Getting started with elasticsearch

Original text: https://blog.csdn.net/laoyang360/article/details/52244917

How did ES come about?

(1) Thinking: How to retrieve large-scale data

When the amount of system data reaches 1 billion or 10 billion, we usually consider the problem from the following perspectives when doing system architecture:

  • What database to use?
  • How to troubleshoot single point of failure (lvs, F5, A10, Zookeeper, MQ)
  • How to ensure data security (hot backup, cold backup, remote multi-active)
  • How to solve retrieval problems (database proxy middleware: msql-proxy, Cobar, MaxScale, etc.)
  • How to solve statistical analysis problems (offline, near real-time)

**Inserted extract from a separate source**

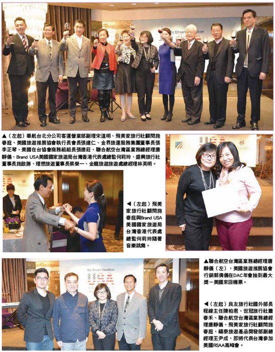 ▲(前排左起)美國旅遊推展協會副會長朱光志、會長張建仁、IPW國際諮詢委員會﹙台灣﹚主席唐靜儀、副會長蔡榮一、(後排左起)公關李南山、鳳凰旅遊長程部副總經理邵鼎清、美國旅遊推展協會行銷郭倩儀、飛美家旅行社顧問施春庭、美國旅遊推展協會財務長顏銀德。

(2) Coping solutions for traditional databases

For relational data, we usually use the following or similar architectures to solve query bottlenecks and write bottlenecks:

  • Solve data security issues with master-slave backup
  • Through the heartbeat monitoring of the database agent middleware, the single point of failure problem is solved
  • Distribute query statements to each slave node for query through proxy middleware, and summarize the results

(3) Solutions for non-relational databases

For Nosql database, taking mongdb as an example, other principles are similar:

  • Database security with replica backup
  • Solve single-point problems through node election mechanism
  • First retrieve shard information from the configuration library, then distribute the request to each node, and finally combine the summary results by the routing node


In order to solve the problem, the method is usually found in the following ways:

(1) Store data in order when storing data

(2) Separate data and indexes

(3) Compressed data

This leads to an Elasticsearch.

IS

Elasticsearch is an open source, highly scalable, distributed full-text search engine that can store and retrieve data in near real-time with good scalability. Using Lucenne as the core, but its purpose is to hide the complexity of lucene through the Restful API, thus making full text search easy.

1. Solve the main problem

(1) Retrieve relevant data

(2) Return statistical results

(3) faster

2. How it works

When the ES node starts, it will use multicast (or unicast, if the user has changed the configuration) to find other nodes in the cluster and establish connections with them.


3. Concept

(1) Cluster cluster

(2) Node node

(3) Sharding

When there are a large number of documents, one node may not be enough due to memory limitations, insufficient disk processing capacity, and inability to respond to client requests quickly enough. In this case, the data can be divided into smaller shards, each shard. on a different server. When the index you query is distributed across multiple shards, ES will send the query to each relevant shard and combine the results.

(4) Copy replia

A replica is an exact replica of a shard, and each shard can have zero or more replicas.

(5) Full-text search

You can search by keyword, similar to like in sql.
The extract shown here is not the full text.